● **Extracted information**
----------
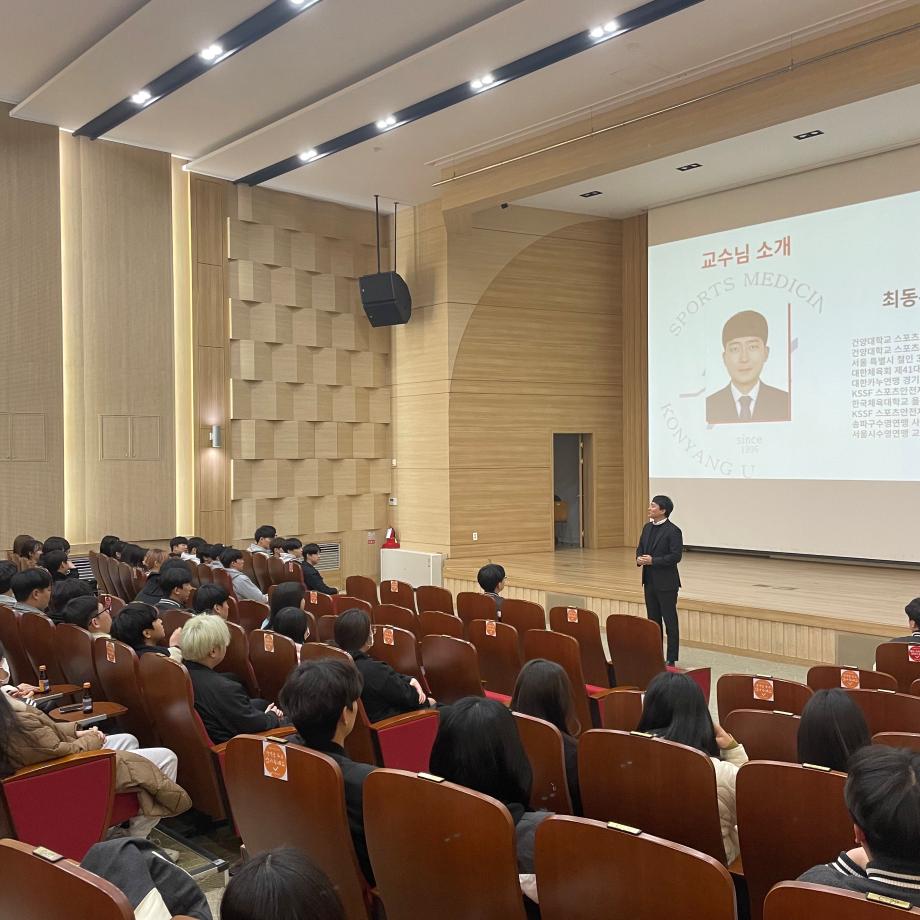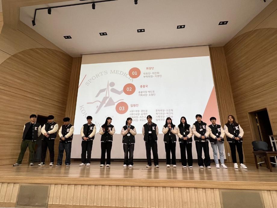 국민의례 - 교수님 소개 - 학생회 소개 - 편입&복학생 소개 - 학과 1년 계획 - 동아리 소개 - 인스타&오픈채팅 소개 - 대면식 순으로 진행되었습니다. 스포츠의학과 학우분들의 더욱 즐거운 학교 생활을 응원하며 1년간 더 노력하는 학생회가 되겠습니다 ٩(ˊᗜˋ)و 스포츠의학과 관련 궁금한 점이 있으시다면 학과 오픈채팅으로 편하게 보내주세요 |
----------
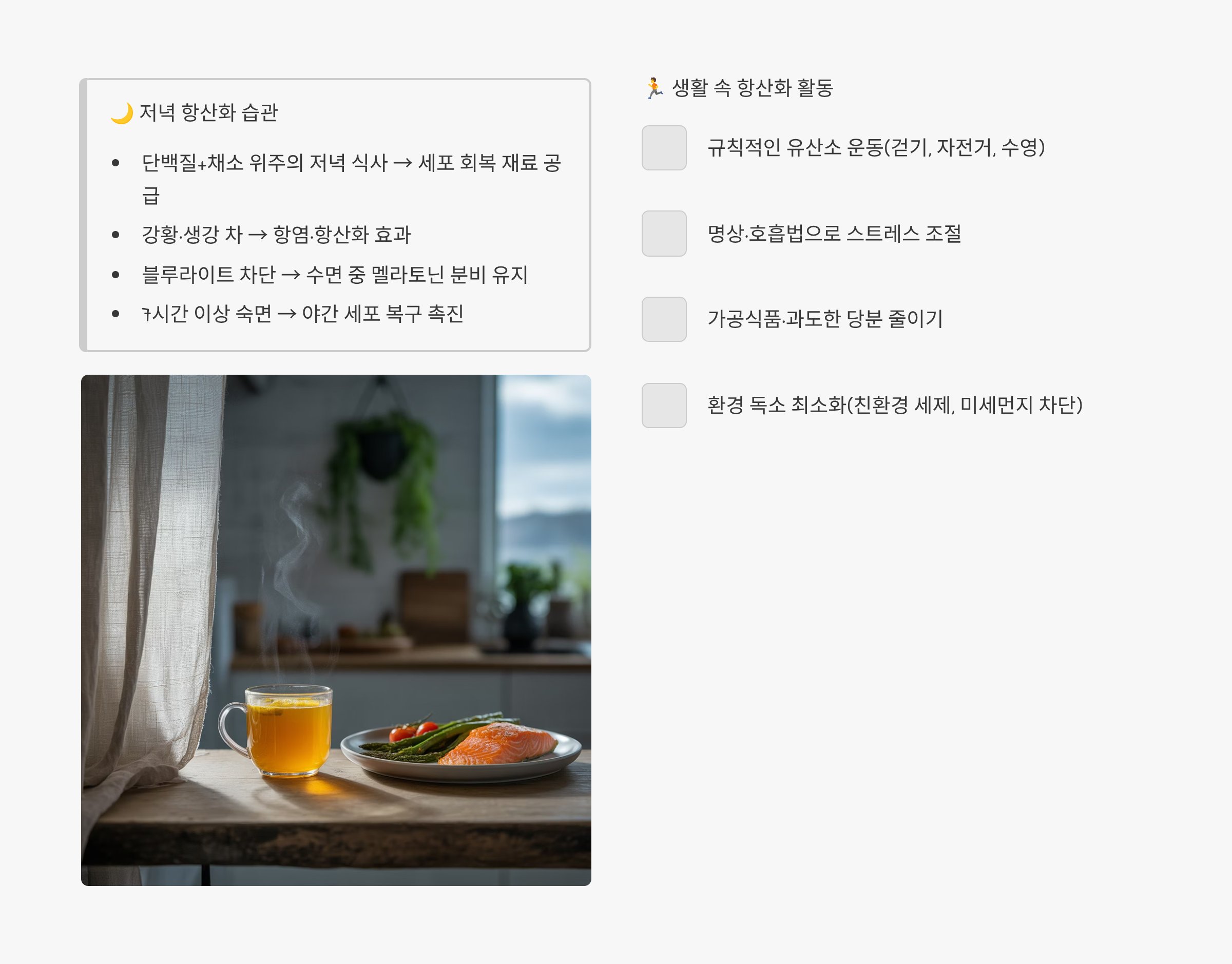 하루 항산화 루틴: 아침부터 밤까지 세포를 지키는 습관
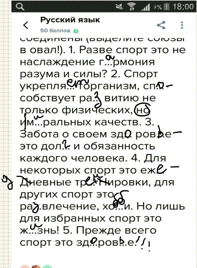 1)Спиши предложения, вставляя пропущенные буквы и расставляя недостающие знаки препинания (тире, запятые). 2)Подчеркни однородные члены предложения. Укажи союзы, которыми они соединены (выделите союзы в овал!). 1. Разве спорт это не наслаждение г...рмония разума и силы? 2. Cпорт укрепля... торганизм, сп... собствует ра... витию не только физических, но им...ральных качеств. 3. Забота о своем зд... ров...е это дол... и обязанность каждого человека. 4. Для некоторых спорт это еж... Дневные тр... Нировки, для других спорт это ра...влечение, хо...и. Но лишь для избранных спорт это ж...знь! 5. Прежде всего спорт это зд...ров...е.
----------
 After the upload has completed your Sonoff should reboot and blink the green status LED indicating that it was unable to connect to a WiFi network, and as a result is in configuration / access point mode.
----------
● **Work request**
How would the lines above read from the one with "하루 항산화 루틴: 아침부터 밤까지 세포를 지키는 습관" to the one with "1)Спиши предложения, вставляя", inclusive, with no pictures? Write them out exactly.

● **Task solution**
 하루 항산화 루틴: 아침부터 밤까지 세포를 지키는 습관
 1)Спиши предложения, вставляя пропущенные буквы и расставляя недостающие знаки препинания (тире, запятые). 2)Подчеркни однородные члены предложения. Укажи союзы, которыми они соединены (выделите союзы в овал!). 1. Разве спорт это не наслаждение г...рмония разума и силы? 2. Cпорт укрепля... торганизм, сп... собствует ра... витию не только физических, но им...ральных качеств. 3. Забота о своем зд... ров...е это дол... и обязанность каждого человека. 4. Для некоторых спорт это еж... Дневные тр... Нировки, для других спорт это ра...влечение, хо...и. Но лишь для избранных спорт это ж...знь! 5. Прежде всего спорт это зд...ров...е.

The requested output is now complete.